Stored items

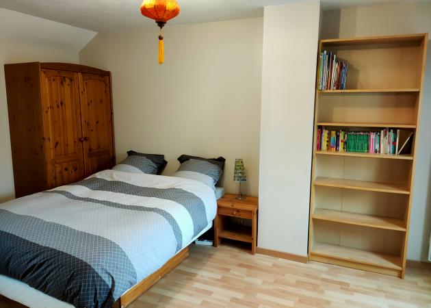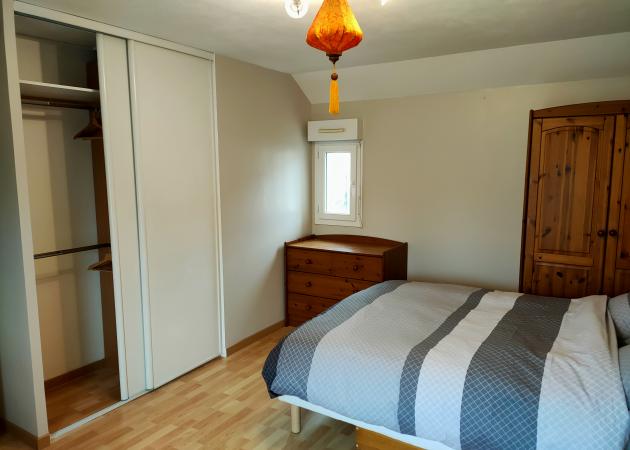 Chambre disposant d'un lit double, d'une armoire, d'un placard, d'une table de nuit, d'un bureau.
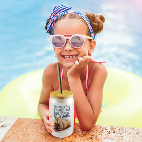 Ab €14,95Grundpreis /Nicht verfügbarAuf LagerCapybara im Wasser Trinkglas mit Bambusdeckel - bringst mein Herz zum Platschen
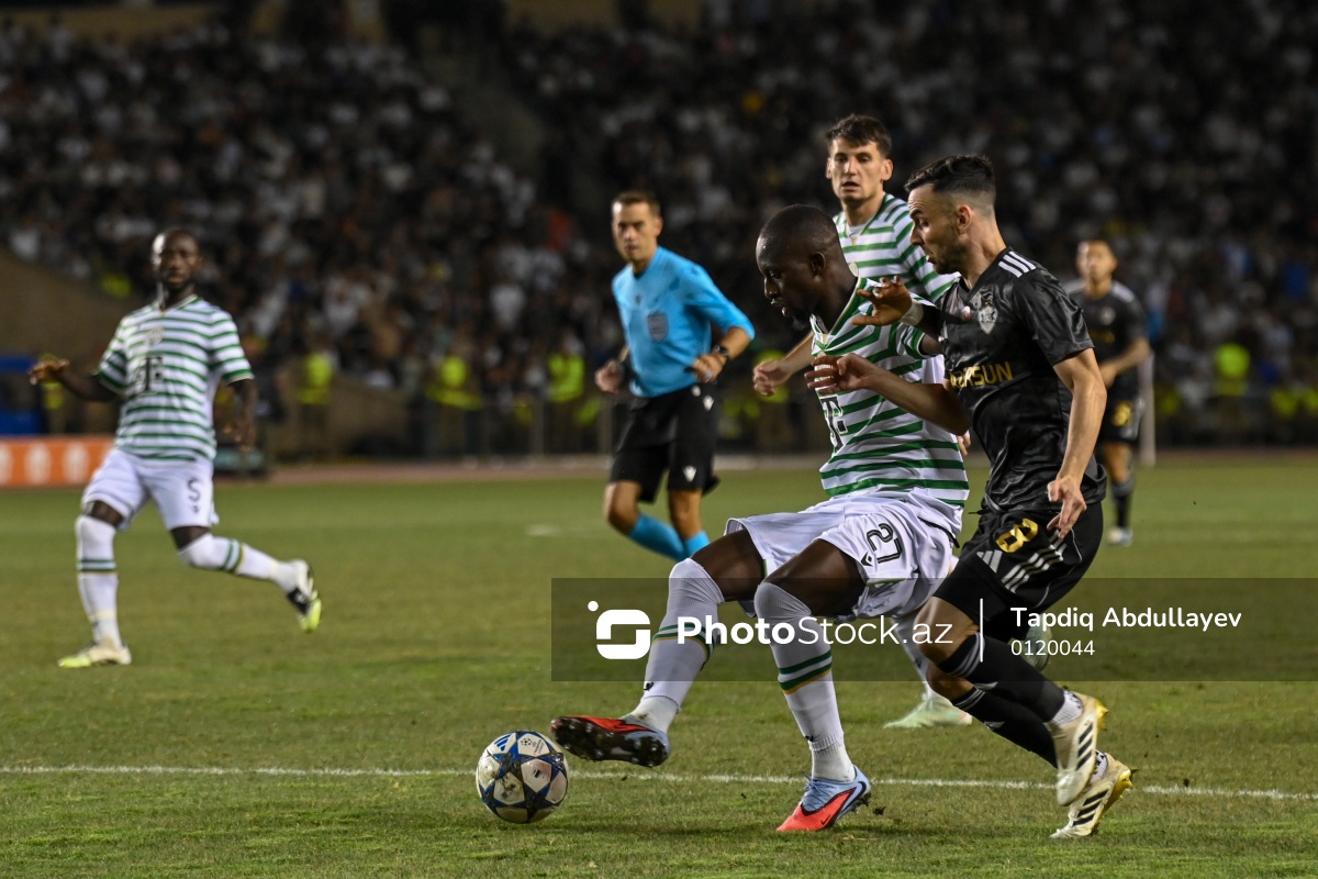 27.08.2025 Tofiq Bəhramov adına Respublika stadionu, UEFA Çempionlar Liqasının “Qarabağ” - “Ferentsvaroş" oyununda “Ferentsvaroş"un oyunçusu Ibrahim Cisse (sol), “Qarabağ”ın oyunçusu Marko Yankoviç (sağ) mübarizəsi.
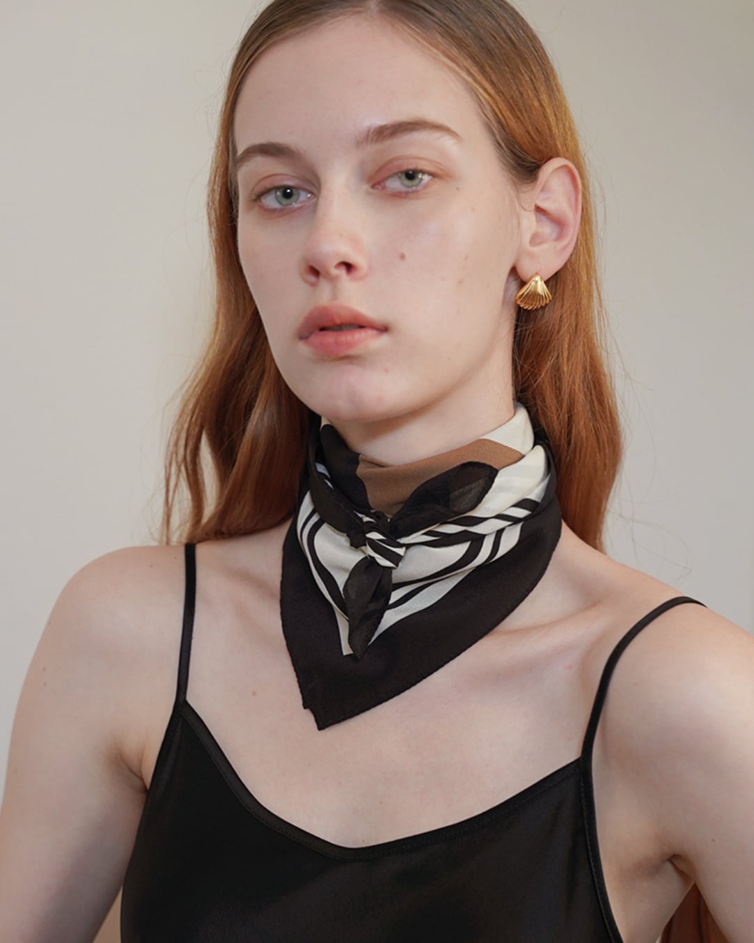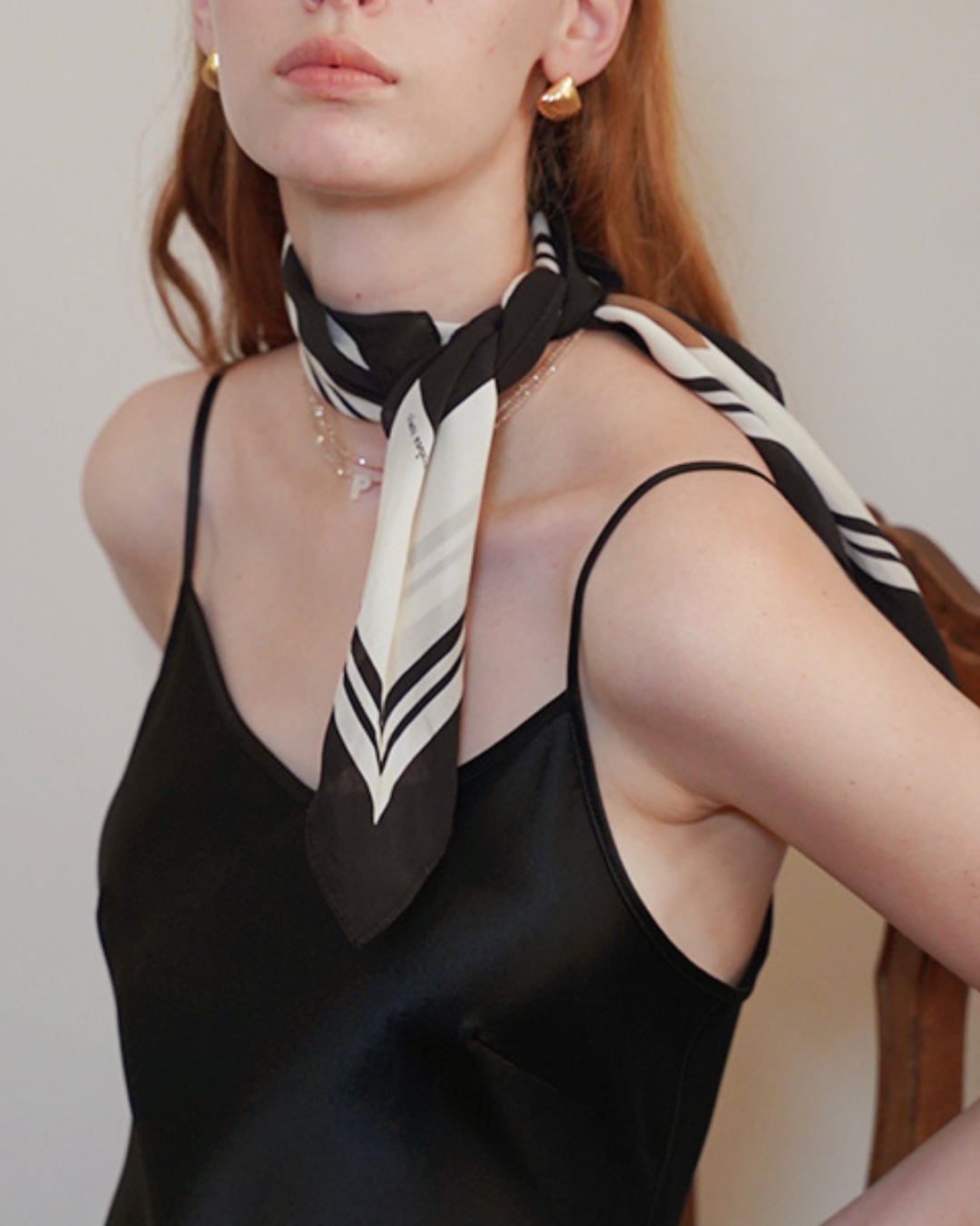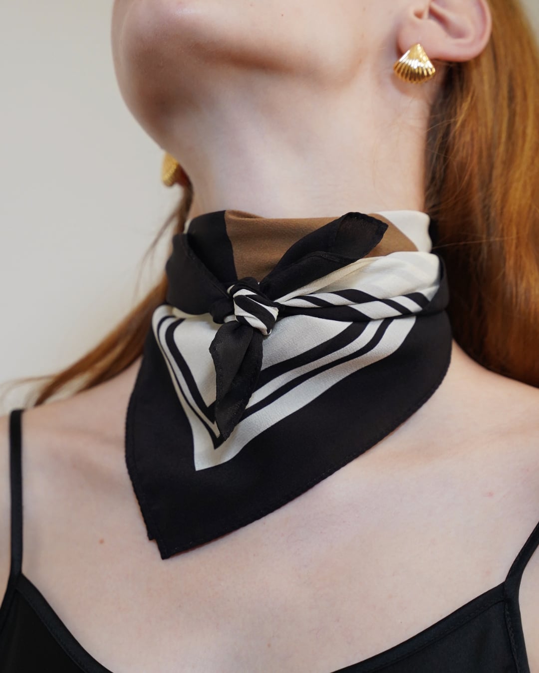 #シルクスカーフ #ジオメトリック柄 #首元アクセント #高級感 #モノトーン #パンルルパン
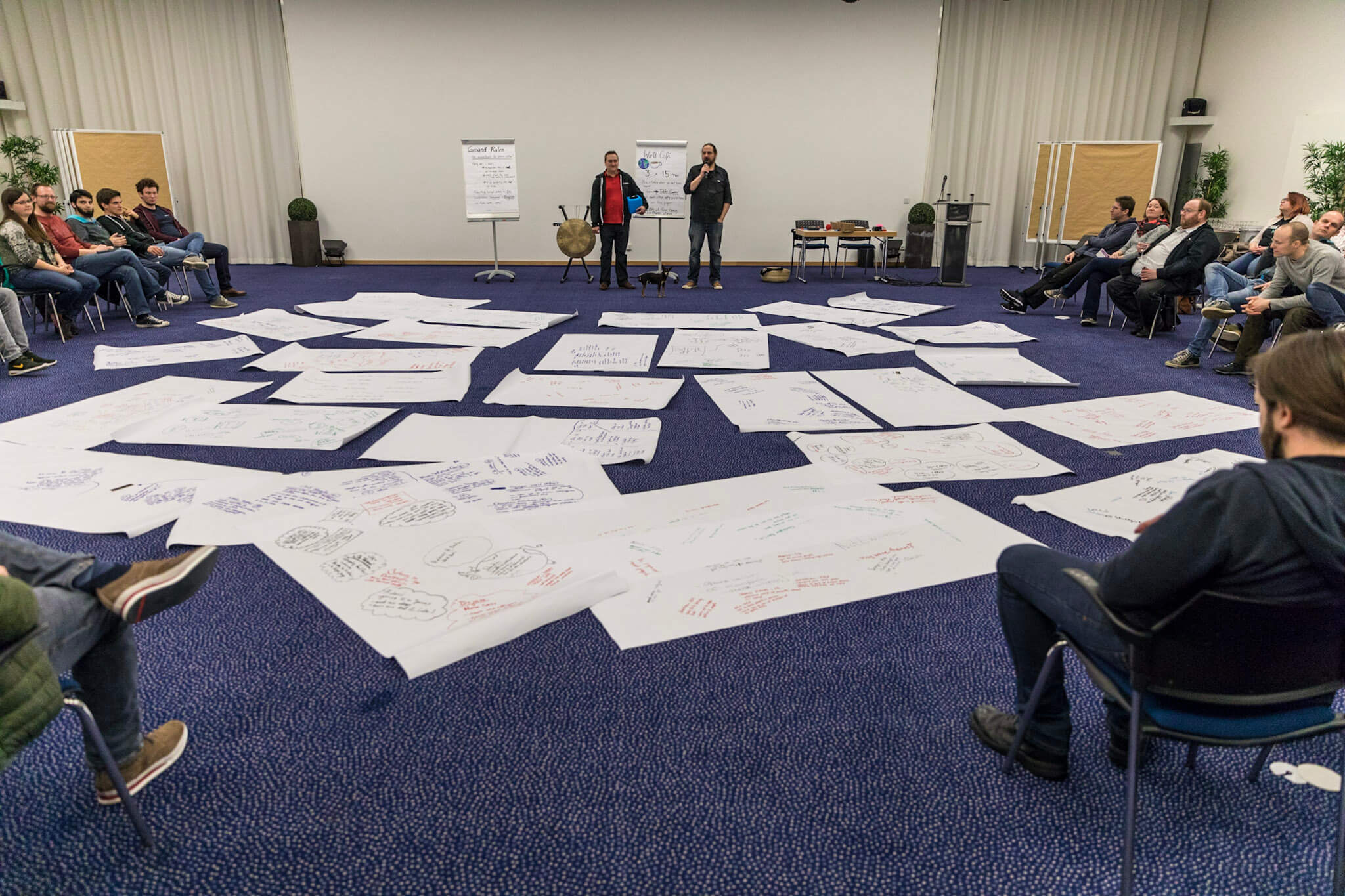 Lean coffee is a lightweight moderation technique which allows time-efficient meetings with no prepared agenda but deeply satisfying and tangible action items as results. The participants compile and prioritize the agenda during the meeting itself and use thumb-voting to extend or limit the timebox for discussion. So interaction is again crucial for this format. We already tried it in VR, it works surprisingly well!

> **TASK ITEM**:
The answer is the records above, repeated exactly, with no picture in it.

> **RESPONSE AREA**:
 Chambre disposant d'un lit double, d'une armoire, d'un placard, d'une table de nuit, d'un bureau.
 Ab €14,95Grundpreis /Nicht verfügbarAuf LagerCapybara im Wasser Trinkglas mit Bambusdeckel - bringst mein Herz zum Platschen
 27.08.2025 Tofiq Bəhramov adına Respublika stadionu, UEFA Çempionlar Liqasının “Qarabağ” - “Ferentsvaroş" oyununda “Ferentsvaroş"un oyunçusu Ibrahim Cisse (sol), “Qarabağ”ın oyunçusu Marko Yankoviç (sağ) mübarizəsi.
 #シルクスカーフ #ジオメトリック柄 #首元アクセント #高級感 #モノトーン #パンルルパン
 Lean coffee is a lightweight moderation technique which allows time-efficient meetings with no prepared agenda but deeply satisfying and tangible action items as results. The participants compile and prioritize the agenda during the meeting itself and use thumb-voting to extend or limit the timebox for discussion. So interaction is again crucial for this format. We already tried it in VR, it works surprisingly well!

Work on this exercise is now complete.